-- Opening Marker --

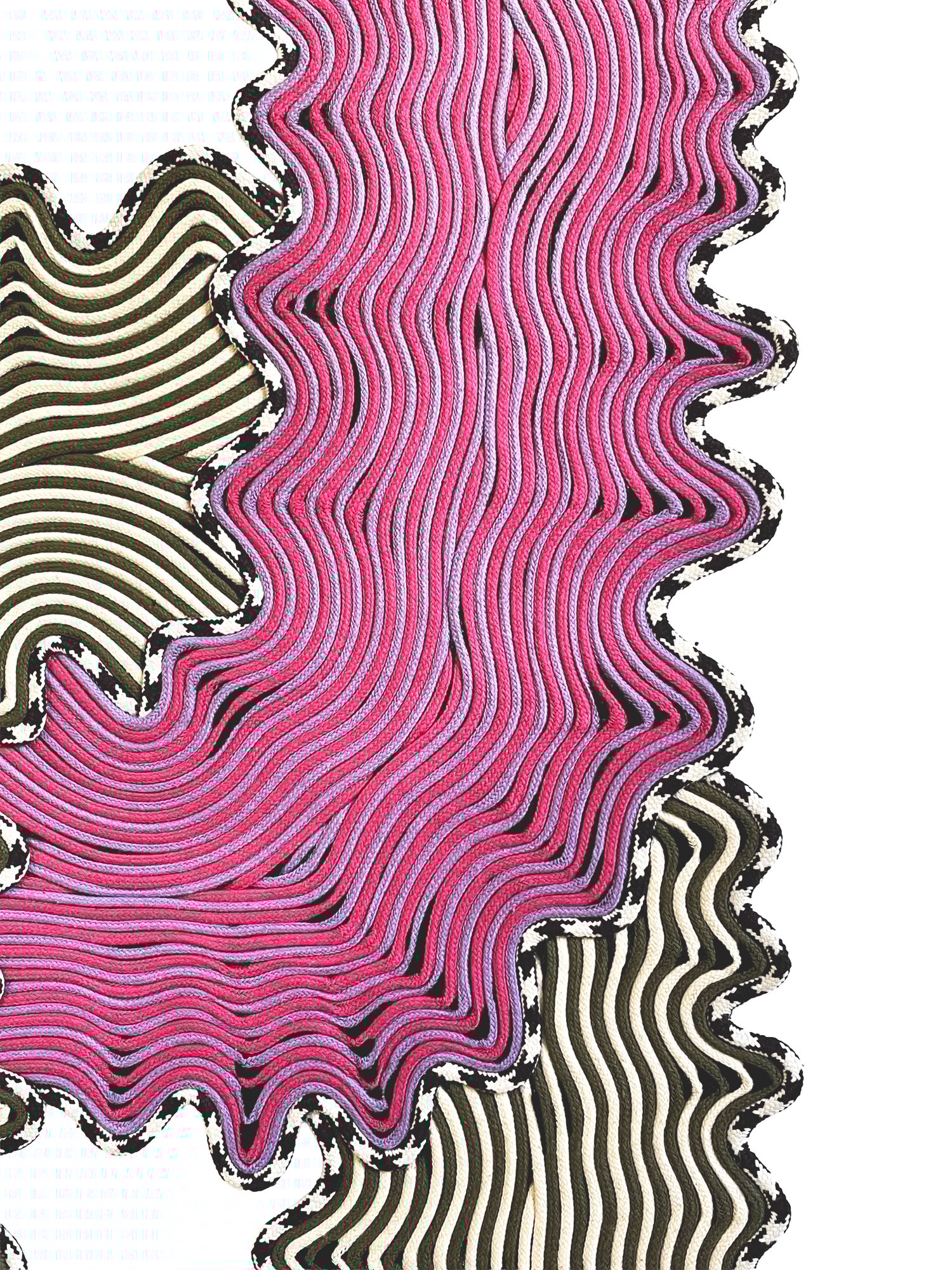 Originally created for the "Chasing the Light" installation at the Martell Foundation in Cognac, the Chain tapestries evoke intertwining chains. These pieces resonate with the techno music of the exhibition's nightclub, Chasing the Light.
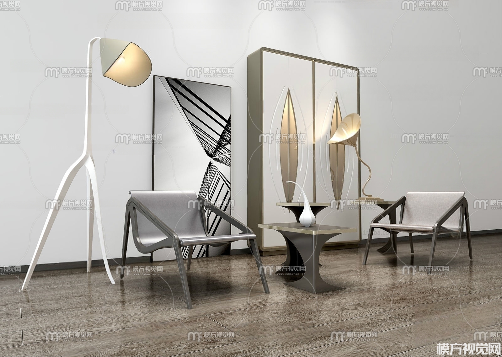 现代休闲椅 落地灯 柜子3D模型(ID:0008939)
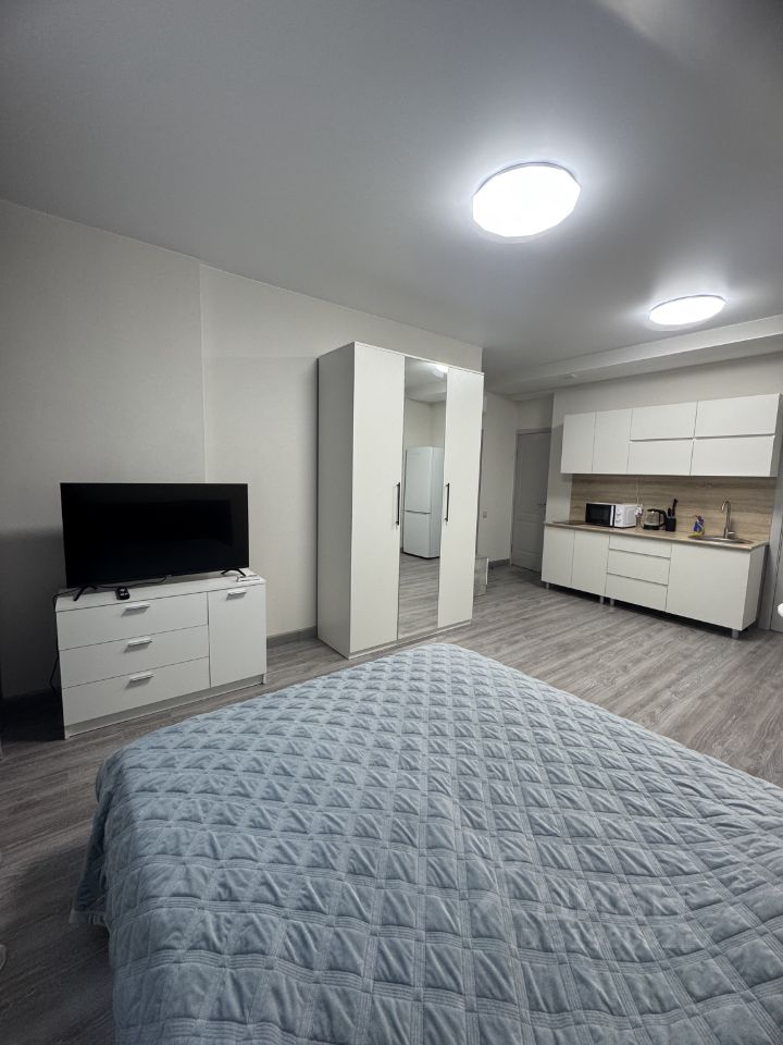 Сдаю очень уютную студию , есть всё для комфортного проживания: большая 2-х спальная кровать с хорошим матрасом , телевизор, большой шкаф , кухонная большая зона , холодильник, кондиционер, большая ванная , стиральная машинка, и есть дополнительная комната где можно сделать гардеробную или маленькую комнату!
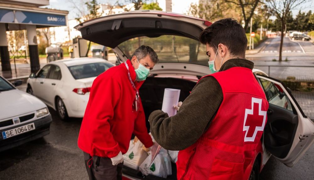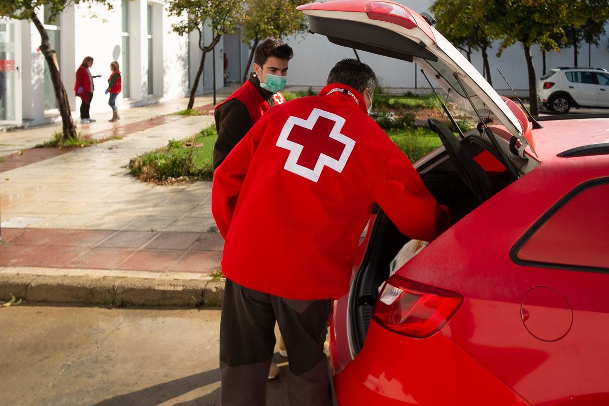 Quini llega con la mascarilla y los guantes puestos, saluda con el codo, y entra en las instalaciones de Cruz Roja en Jerez para conocer el itinerario del día. Hoy tiene cuatro domicilios a los que acudir. Lo acompaña su hijo Mario, que llega unos minutos más tarde, por separado, también ataviado con el correspondiente material de prevención. Los dos, padre e hijo, forman parte del programa de voluntariado de la organización que, durante el confinamiento, lleva comida y medicamentos a personas mayores o que pertenecen a un grupo de riesgo ante el coronavirus. Antes de montarse en el coche hay que asegurarse de que está todo. Cada usuario tiene unos alimentos asignados, dependiendo de sus necesidades. El maletero está a rebosar y la ruta, clara.
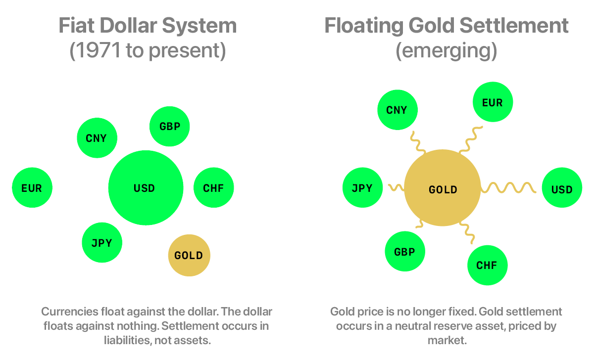 That process is now underway. Central banks are buying gold at levels not seen in decades. BRICS countries are repositioning gold closer to the centre of the global monetary system, not to replace the dollar, but to reduce reliance on U.S. government debt as the primary reserve asset.

-- Closing Marker --

▸ **What you have to do**
What's needed here is an exact repeat of all the records above, pictures excluded.

▸ **Result of the task**
 Originally created for the "Chasing the Light" installation at the Martell Foundation in Cognac, the Chain tapestries evoke intertwining chains. These pieces resonate with the techno music of the exhibition's nightclub, Chasing the Light.
 现代休闲椅 落地灯 柜子3D模型(ID:0008939)
 Сдаю очень уютную студию , есть всё для комфортного проживания: большая 2-х спальная кровать с хорошим матрасом , телевизор, большой шкаф , кухонная большая зона , холодильник, кондиционер, большая ванная , стиральная машинка, и есть дополнительная комната где можно сделать гардеробную или маленькую комнату!
 Quini llega con la mascarilla y los guantes puestos, saluda con el codo, y entra en las instalaciones de Cruz Roja en Jerez para conocer el itinerario del día. Hoy tiene cuatro domicilios a los que acudir. Lo acompaña su hijo Mario, que llega unos minutos más tarde, por separado, también ataviado con el correspondiente material de prevención. Los dos, padre e hijo, forman parte del programa de voluntariado de la organización que, durante el confinamiento, lleva comida y medicamentos a personas mayores o que pertenecen a un grupo de riesgo ante el coronavirus. Antes de montarse en el coche hay que asegurarse de que está todo. Cada usuario tiene unos alimentos asignados, dependiendo de sus necesidades. El maletero está a rebosar y la ruta, clara.
 That process is now underway. Central banks are buying gold at levels not seen in decades. BRICS countries are repositioning gold closer to the centre of the global monetary system, not to replace the dollar, but to reduce reliance on U.S. government debt as the primary reserve asset.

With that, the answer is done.